Supplied information:
• • • • • • •

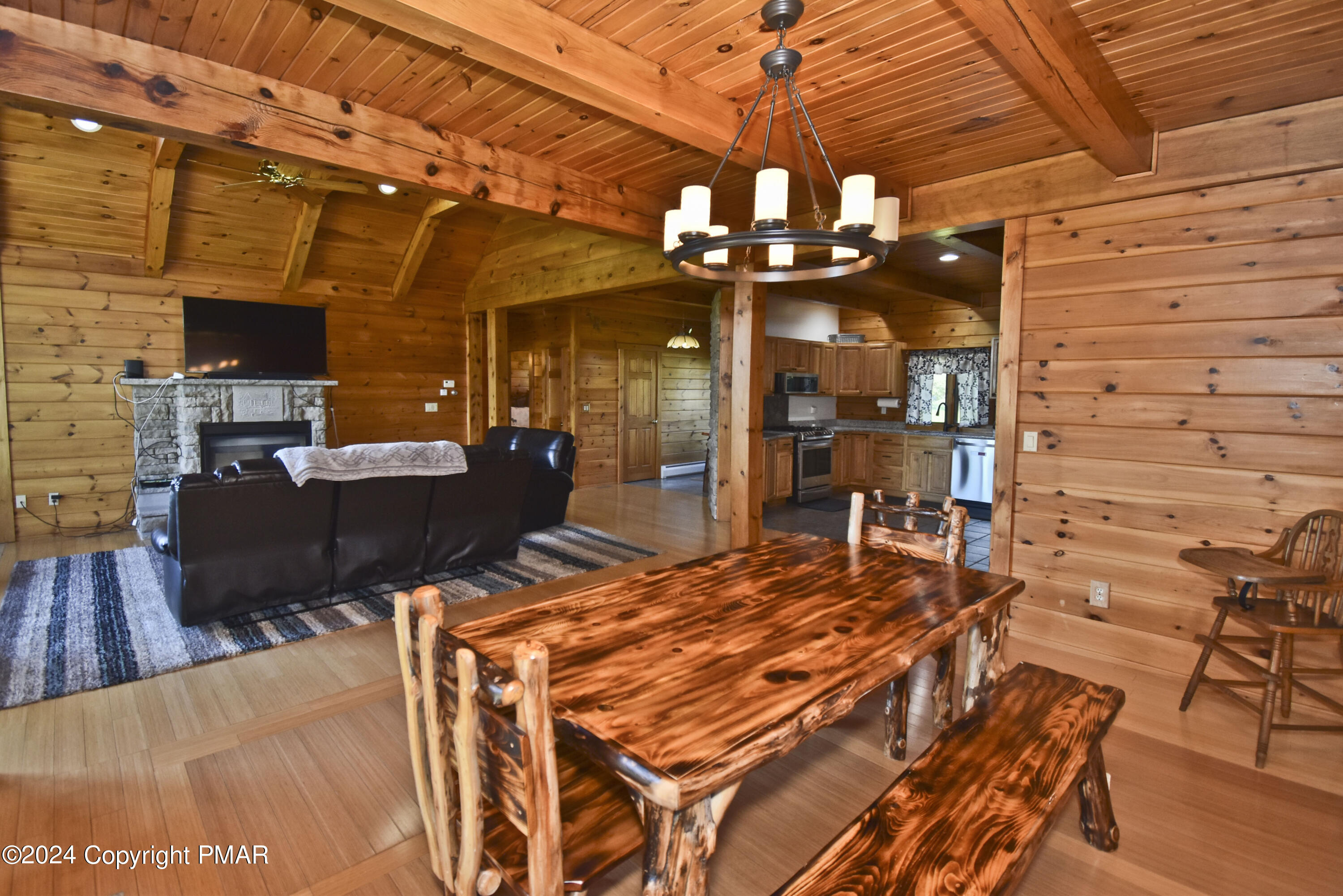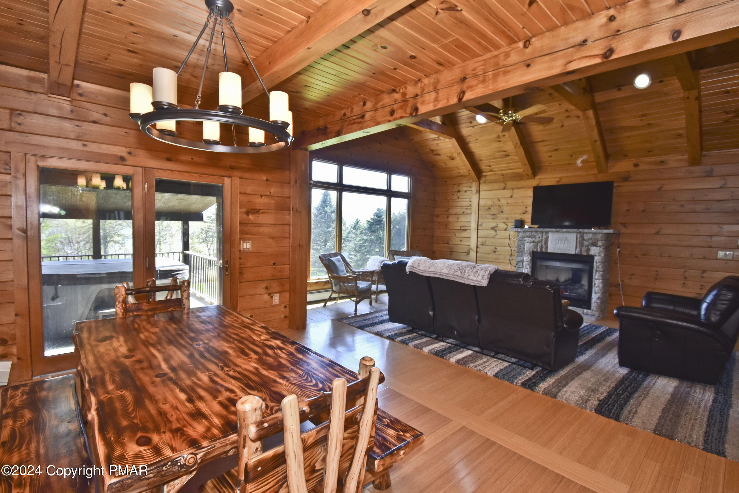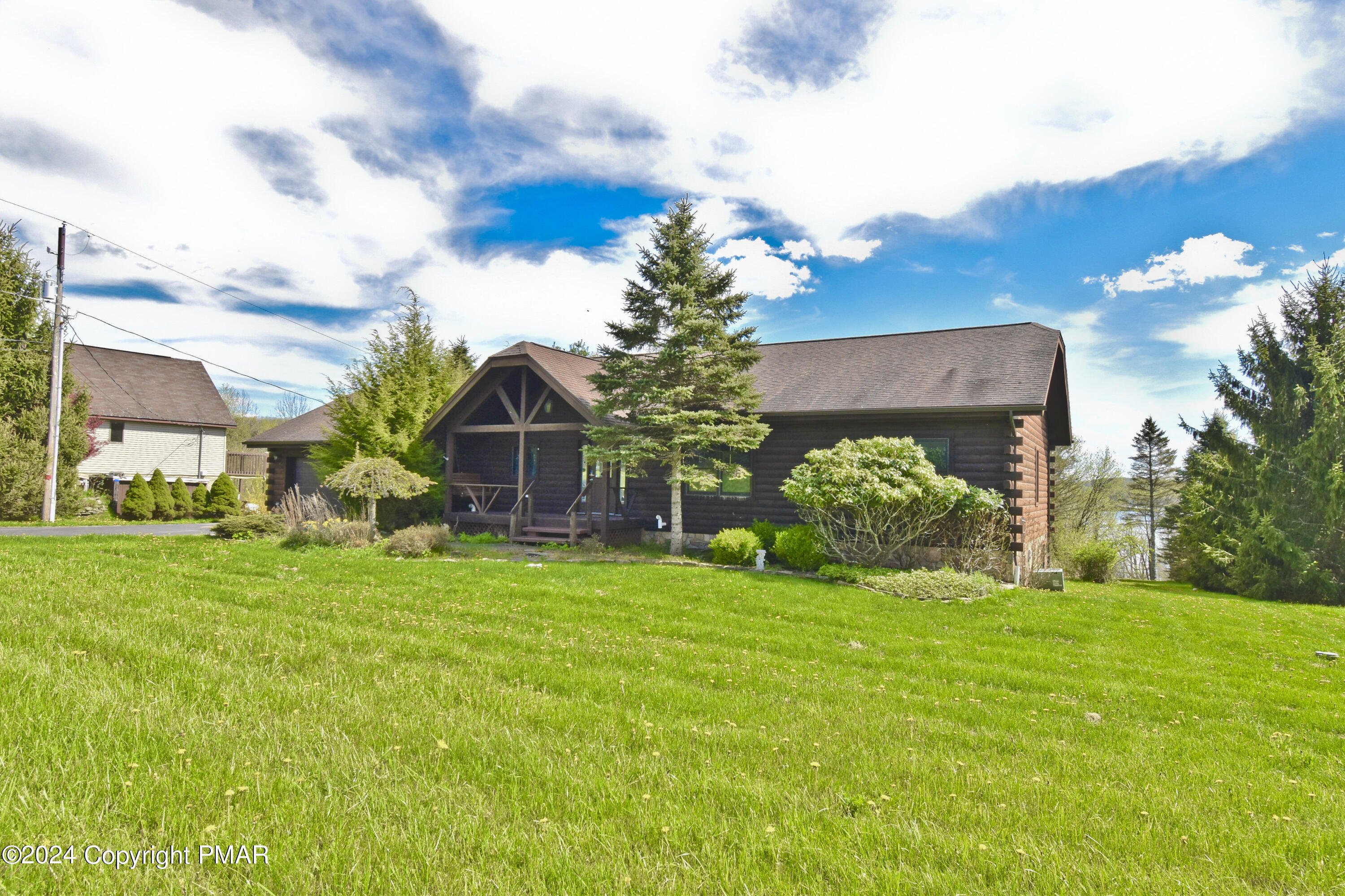 Escape to this stunning 3bd/2ba true log mountain retreat, perfectly perched on peaceful grounds w/ breathtaking views of Lake Henry. The ideal blend of rustic charm & modern comfort, this home welcomes you w/ a sun-filled Living Room featuring soaring ceilings, a cozy fireplace, & large windows that beautifully frame the lake. The open-concept Dining Area is perfect for entertaining & flows effortlessly onto the covered deck, where you'll find a private hot tub & sweeping panoramic views. The Kitchen is both warm & functional w/ hickory cabinetry, granite countertops, stainless steel appliances, & a convenient laundry room just steps away. There are 3 spacious bedrooms & 2 full baths, including a tranquil Primary Suite w/ a walk-in closet & its own private bath. Downstairs, the finished Family Room offers even more space to relax or play, w/ direct access to the backyard & firepit, ideal for gatherings & starry nights. A 1-car garage adds convenience, & w/ its desirable location & unforgettable lake views, this home also offers excellent potential as a short-term rental. Whether you're looking for a peaceful getaway, a family vacation retreat, or a smart investment opportunity, this mountain escape has it all.
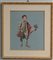 Ricamo piccolo e piccolissimo punto raffigurante gentiluomo su fondo azzurro. In cornice dorata (cm 45x41)
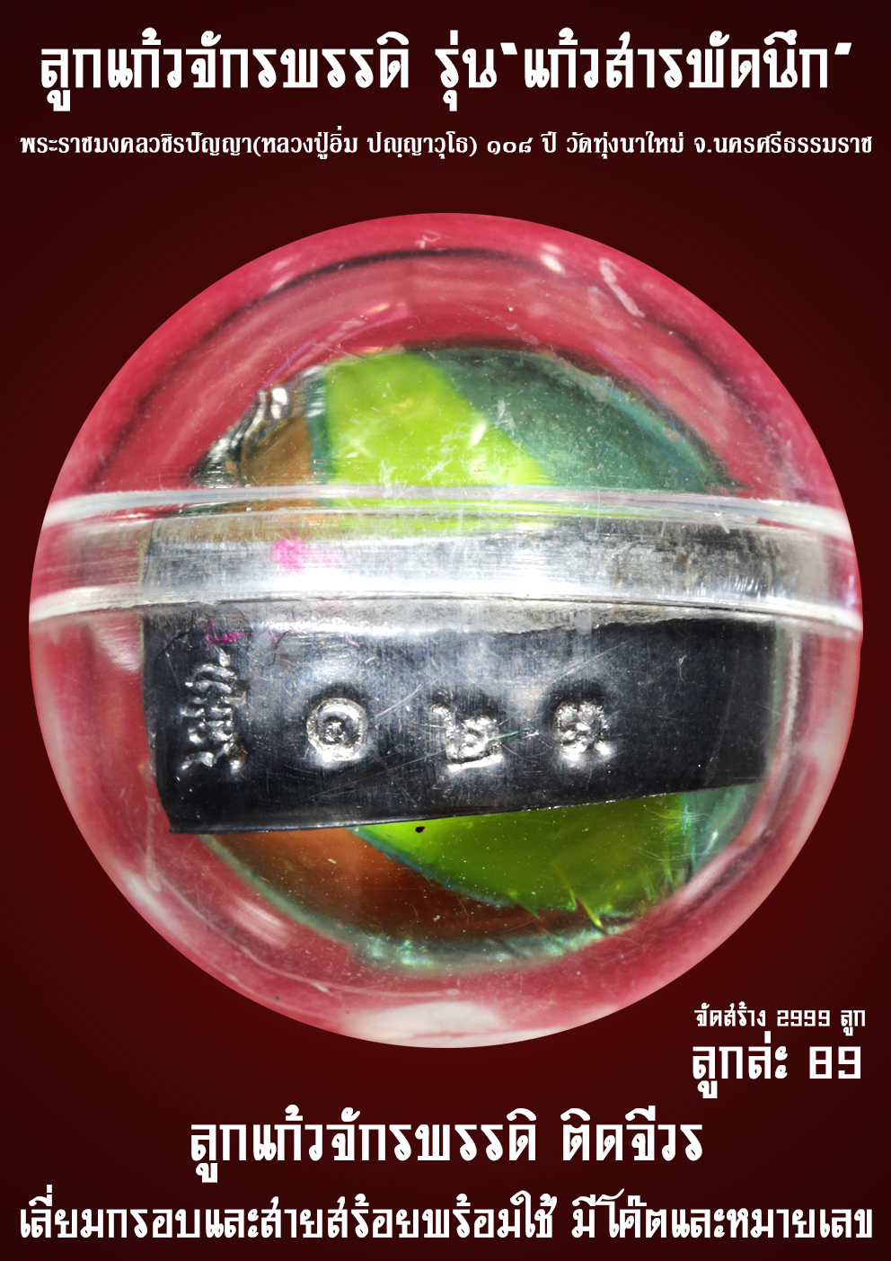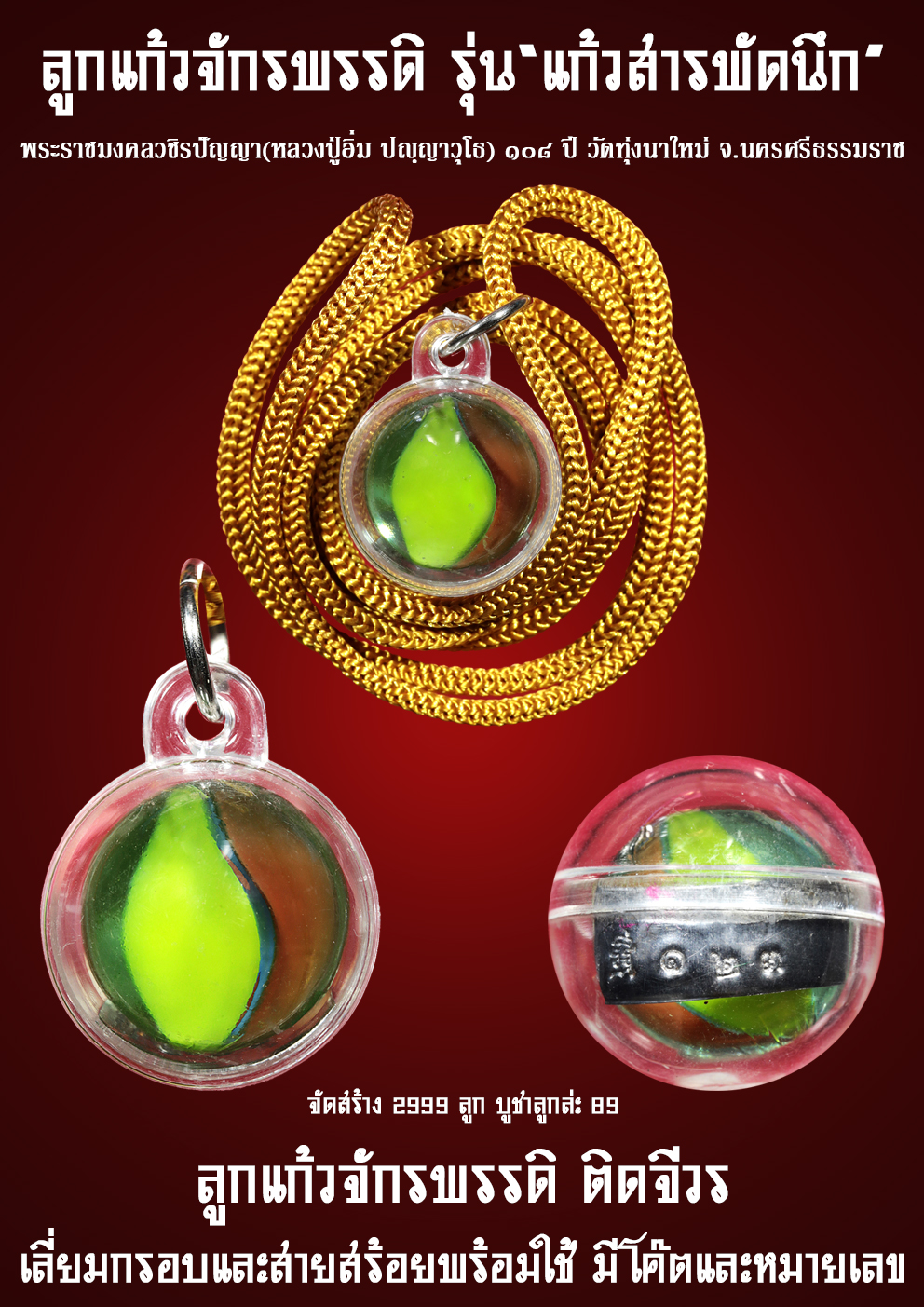 ลูกแก้วจักรพรรดิ รุ่นแรก รุ่น”แก้วสารพัดนึก”พระราชมงคลวชิรปัญญา (หลวงปู่อิ่ม ปญฺญาวุโธ) อายุ ๑๐๘ ปี วัดทุ่งนาใหม่ จ.นครศรีธรรมราช ลูกแก้วจักรพรรดิ ติดจีวร เลี่ยมกรอบและสายสร้อย(เชือกน่ม)พร้อมใช้ จัดสร้าง 2999 บูชา 89 เท่านั้น อานุภาพของลูกแก้วจักรพรรดิ หรือลูกแก้วสารพัดนึก ใครมีไว้ครอบครองประดุจดังมีแก้วสารพัดนึก นึกปรารถนาสิ่งใดสำเร็จทุกประการ มีเทวดาคุ้มครองรักษาอยู่ตลอดเวลา เป็นสื่อมงคลในการเรียนทรัพย์รับโชคดึงดูดสิ่งที่ดีที่เป็นมงคลเข้ามาในชีวิตป้องกันสิ่งไม่ดีทั้งหมด ปรับแก้ดวงชะตาที่ตกให้สูงที่สูงสูงยิ่งๆขึ้นไป อธิษฐานเป็นน้ำมนต์รักษาโรคภัยที่รักษาด้วยเครื่องมือทางวิทยาศาสตร์ไม่หายได้ เป็นสื่อในการปรับพลังงานที่ไม่ดีตามสถานที่ต่างๆที่ลูกแก้วไปสถิตประดิษฐานอยู่ เป็นสื่อในการเจริญพระกรรมฐานทำให้จิตใจสงบนิ่งเข้าสมาธิได้เร็วแล้วไว ประดุจมีครูบาอาจารย์สั่งสอบอบรมสอบอารมณ์อยู่ตลอดเวลา เปิดจอง 18-06-68 รับวัตถุมงคลเดือนสิงหาคม
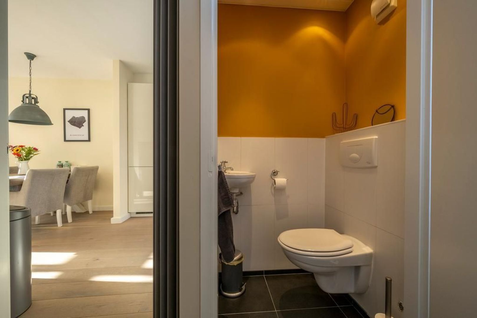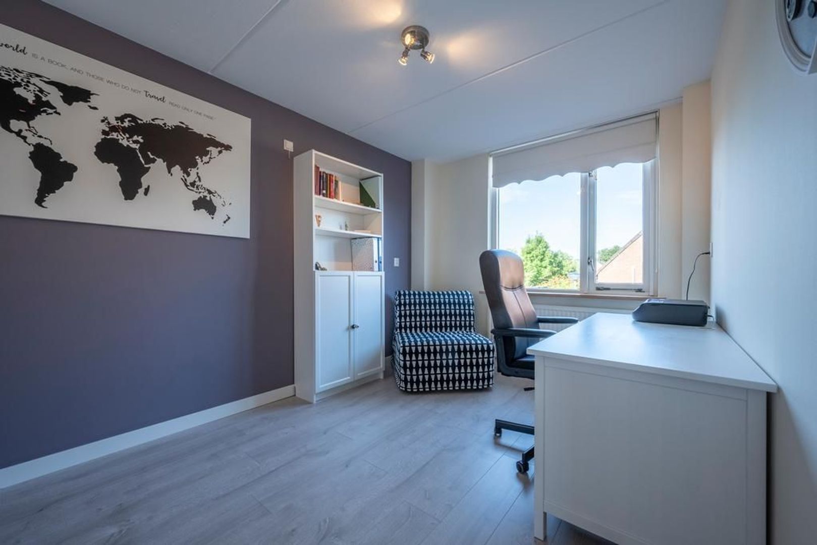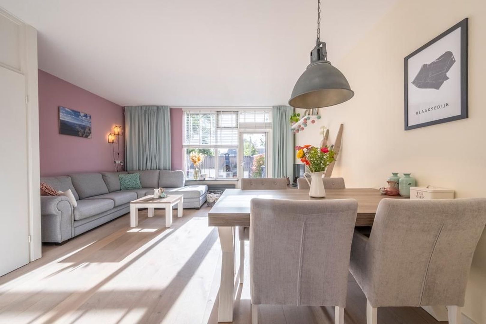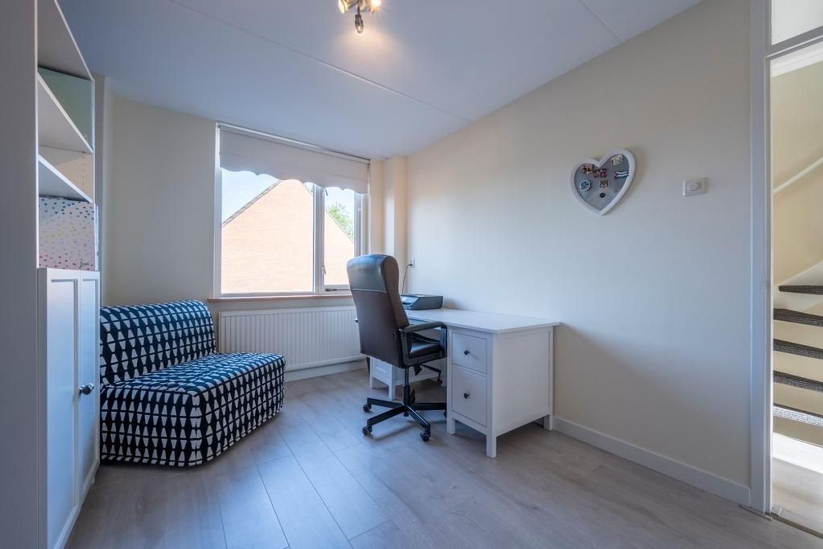 De gezellige woonkamer is tuingericht. Deze is tevens voorzien van een trapkast.

• • • • • • •

Task to carry out: Return all the data exactly, pictures omitted.

Solution to this problem:
 Escape to this stunning 3bd/2ba true log mountain retreat, perfectly perched on peaceful grounds w/ breathtaking views of Lake Henry. The ideal blend of rustic charm & modern comfort, this home welcomes you w/ a sun-filled Living Room featuring soaring ceilings, a cozy fireplace, & large windows that beautifully frame the lake. The open-concept Dining Area is perfect for entertaining & flows effortlessly onto the covered deck, where you'll find a private hot tub & sweeping panoramic views. The Kitchen is both warm & functional w/ hickory cabinetry, granite countertops, stainless steel appliances, & a convenient laundry room just steps away. There are 3 spacious bedrooms & 2 full baths, including a tranquil Primary Suite w/ a walk-in closet & its own private bath. Downstairs, the finished Family Room offers even more space to relax or play, w/ direct access to the backyard & firepit, ideal for gatherings & starry nights. A 1-car garage adds convenience, & w/ its desirable location & unforgettable lake views, this home also offers excellent potential as a short-term rental. Whether you're looking for a peaceful getaway, a family vacation retreat, or a smart investment opportunity, this mountain escape has it all.
 Ricamo piccolo e piccolissimo punto raffigurante gentiluomo su fondo azzurro. In cornice dorata (cm 45x41)
 ลูกแก้วจักรพรรดิ รุ่นแรก รุ่น”แก้วสารพัดนึก”พระราชมงคลวชิรปัญญา (หลวงปู่อิ่ม ปญฺญาวุโธ) อายุ ๑๐๘ ปี วัดทุ่งนาใหม่ จ.นครศรีธรรมราช ลูกแก้วจักรพรรดิ ติดจีวร เลี่ยมกรอบและสายสร้อย(เชือกน่ม)พร้อมใช้ จัดสร้าง 2999 บูชา 89 เท่านั้น อานุภาพของลูกแก้วจักรพรรดิ หรือลูกแก้วสารพัดนึก ใครมีไว้ครอบครองประดุจดังมีแก้วสารพัดนึก นึกปรารถนาสิ่งใดสำเร็จทุกประการ มีเทวดาคุ้มครองรักษาอยู่ตลอดเวลา เป็นสื่อมงคลในการเรียนทรัพย์รับโชคดึงดูดสิ่งที่ดีที่เป็นมงคลเข้ามาในชีวิตป้องกันสิ่งไม่ดีทั้งหมด ปรับแก้ดวงชะตาที่ตกให้สูงที่สูงสูงยิ่งๆขึ้นไป อธิษฐานเป็นน้ำมนต์รักษาโรคภัยที่รักษาด้วยเครื่องมือทางวิทยาศาสตร์ไม่หายได้ เป็นสื่อในการปรับพลังงานที่ไม่ดีตามสถานที่ต่างๆที่ลูกแก้วไปสถิตประดิษฐานอยู่ เป็นสื่อในการเจริญพระกรรมฐานทำให้จิตใจสงบนิ่งเข้าสมาธิได้เร็วแล้วไว ประดุจมีครูบาอาจารย์สั่งสอบอบรมสอบอารมณ์อยู่ตลอดเวลา เปิดจอง 18-06-68 รับวัตถุมงคลเดือนสิงหาคม
 De gezellige woonkamer is tuingericht. Deze is tevens voorzien van een trapkast.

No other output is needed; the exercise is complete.